## Task material
= = = = = = =
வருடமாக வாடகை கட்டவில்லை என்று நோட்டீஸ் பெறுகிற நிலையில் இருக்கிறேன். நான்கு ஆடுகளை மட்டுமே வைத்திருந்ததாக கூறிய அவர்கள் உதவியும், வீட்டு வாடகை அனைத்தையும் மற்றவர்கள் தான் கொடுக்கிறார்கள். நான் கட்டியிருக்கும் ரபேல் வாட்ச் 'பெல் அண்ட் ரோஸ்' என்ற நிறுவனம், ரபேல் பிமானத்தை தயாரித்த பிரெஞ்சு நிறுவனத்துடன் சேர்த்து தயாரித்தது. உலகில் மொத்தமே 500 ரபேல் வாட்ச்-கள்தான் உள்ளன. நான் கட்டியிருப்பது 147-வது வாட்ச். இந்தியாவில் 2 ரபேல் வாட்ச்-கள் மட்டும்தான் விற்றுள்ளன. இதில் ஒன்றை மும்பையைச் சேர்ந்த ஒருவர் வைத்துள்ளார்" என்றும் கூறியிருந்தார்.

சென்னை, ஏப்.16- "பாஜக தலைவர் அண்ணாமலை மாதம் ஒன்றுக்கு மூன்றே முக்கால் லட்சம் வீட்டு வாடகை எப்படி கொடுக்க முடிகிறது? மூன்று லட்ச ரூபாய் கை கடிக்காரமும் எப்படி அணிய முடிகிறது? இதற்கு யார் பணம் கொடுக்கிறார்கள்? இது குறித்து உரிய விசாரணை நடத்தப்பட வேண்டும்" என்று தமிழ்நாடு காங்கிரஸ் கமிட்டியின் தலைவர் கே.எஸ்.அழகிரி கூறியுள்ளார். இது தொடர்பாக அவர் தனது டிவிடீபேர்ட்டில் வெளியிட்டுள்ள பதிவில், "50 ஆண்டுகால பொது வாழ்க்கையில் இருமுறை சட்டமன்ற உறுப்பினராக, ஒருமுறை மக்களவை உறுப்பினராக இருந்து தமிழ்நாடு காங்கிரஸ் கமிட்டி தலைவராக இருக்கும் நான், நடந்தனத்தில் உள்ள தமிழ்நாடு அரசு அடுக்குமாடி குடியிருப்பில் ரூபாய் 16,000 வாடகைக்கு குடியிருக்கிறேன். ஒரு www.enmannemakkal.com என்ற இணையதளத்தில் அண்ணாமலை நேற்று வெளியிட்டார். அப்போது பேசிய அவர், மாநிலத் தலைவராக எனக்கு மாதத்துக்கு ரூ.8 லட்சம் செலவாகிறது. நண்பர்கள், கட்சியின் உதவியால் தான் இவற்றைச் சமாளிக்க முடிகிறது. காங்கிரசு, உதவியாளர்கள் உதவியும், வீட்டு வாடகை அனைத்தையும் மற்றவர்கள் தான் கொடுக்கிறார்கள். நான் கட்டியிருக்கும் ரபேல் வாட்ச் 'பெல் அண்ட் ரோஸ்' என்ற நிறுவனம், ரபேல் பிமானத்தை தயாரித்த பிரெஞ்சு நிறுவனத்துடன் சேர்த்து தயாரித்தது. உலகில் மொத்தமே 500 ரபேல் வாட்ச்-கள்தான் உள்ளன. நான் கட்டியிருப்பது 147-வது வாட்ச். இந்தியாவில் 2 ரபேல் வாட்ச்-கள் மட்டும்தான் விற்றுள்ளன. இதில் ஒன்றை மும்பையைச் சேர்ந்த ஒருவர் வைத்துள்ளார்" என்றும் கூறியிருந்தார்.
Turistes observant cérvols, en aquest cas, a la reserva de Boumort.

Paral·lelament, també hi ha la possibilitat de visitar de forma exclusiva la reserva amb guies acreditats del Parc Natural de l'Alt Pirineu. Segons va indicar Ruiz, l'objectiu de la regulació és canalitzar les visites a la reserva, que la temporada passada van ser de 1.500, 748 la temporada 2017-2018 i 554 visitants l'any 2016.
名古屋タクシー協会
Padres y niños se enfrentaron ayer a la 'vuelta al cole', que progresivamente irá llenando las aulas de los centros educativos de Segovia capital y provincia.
= = = = = = =
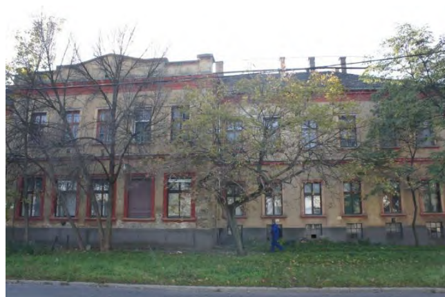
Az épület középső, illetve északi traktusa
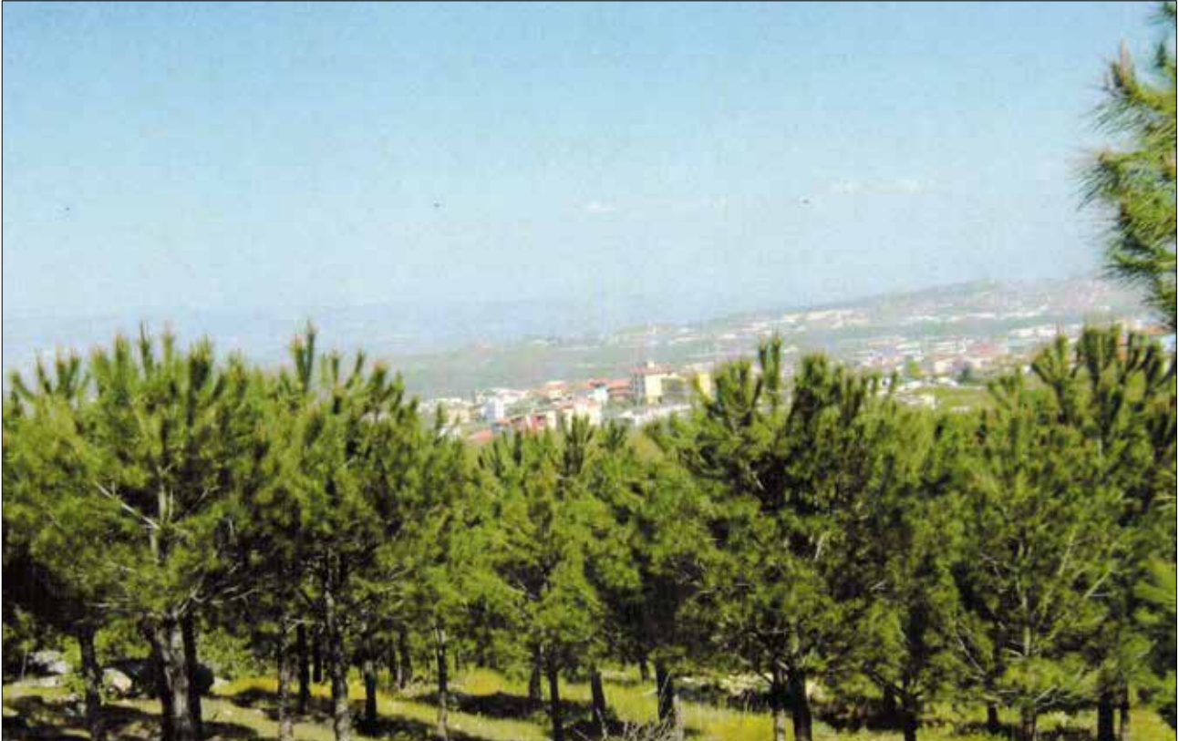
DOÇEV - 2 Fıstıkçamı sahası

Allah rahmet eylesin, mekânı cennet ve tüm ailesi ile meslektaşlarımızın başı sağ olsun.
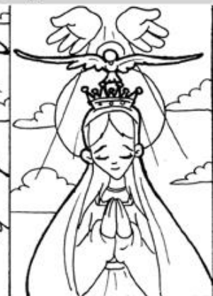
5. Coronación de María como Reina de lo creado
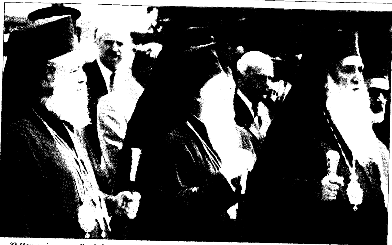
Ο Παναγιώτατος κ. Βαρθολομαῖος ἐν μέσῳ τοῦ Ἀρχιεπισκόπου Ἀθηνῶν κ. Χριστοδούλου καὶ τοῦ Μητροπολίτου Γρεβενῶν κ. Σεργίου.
= = = = = = =
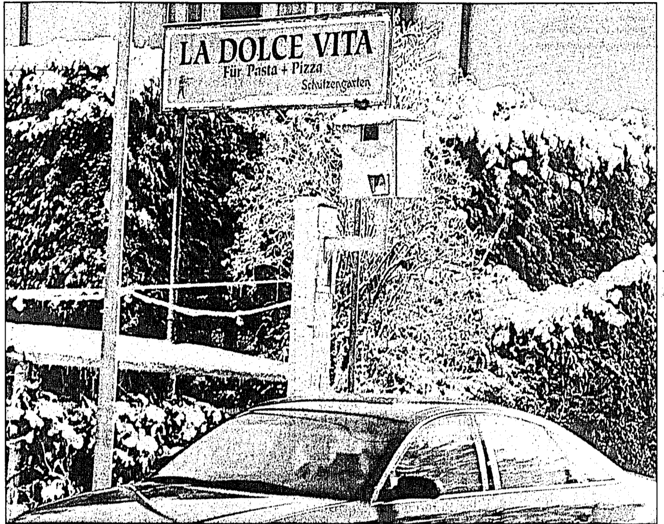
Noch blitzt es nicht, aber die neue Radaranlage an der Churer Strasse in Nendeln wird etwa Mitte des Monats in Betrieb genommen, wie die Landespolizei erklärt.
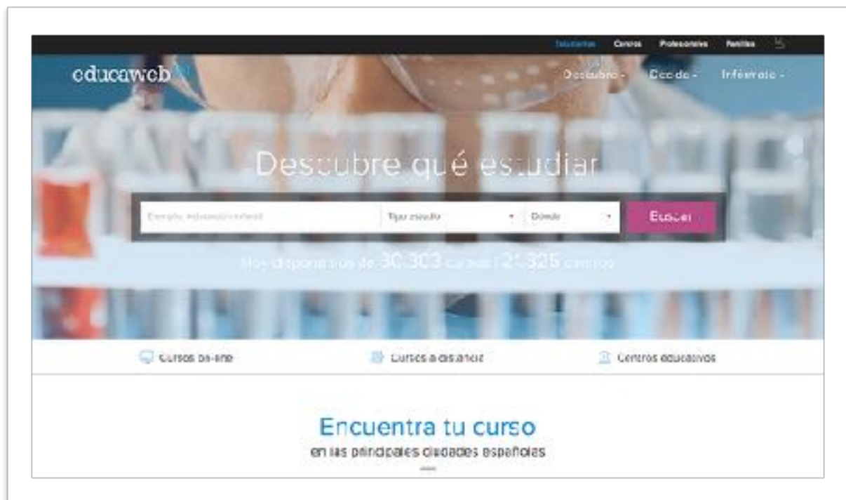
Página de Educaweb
= = = = = = =
## What this task involves
Transcribe, word for word, the lines of the listing above from the one that contains "DOÇEV - 2 Fıstıkçamı sahası" through the one that contains "Ο Παναγιώτατος κ.", keeping both ends and dropping the pictures.

## Response area
DOÇEV - 2 Fıstıkçamı sahası

Allah rahmet eylesin, mekânı cennet ve tüm ailesi ile meslektaşlarımızın başı sağ olsun.
5. Coronación de María como Reina de lo creado
Ο Παναγιώτατος κ. Βαρθολομαῖος ἐν μέσῳ τοῦ Ἀρχιεπισκόπου Ἀθηνῶν κ. Χριστοδούλου καὶ τοῦ Μητροπολίτου Γρεβενῶν κ. Σεργίου.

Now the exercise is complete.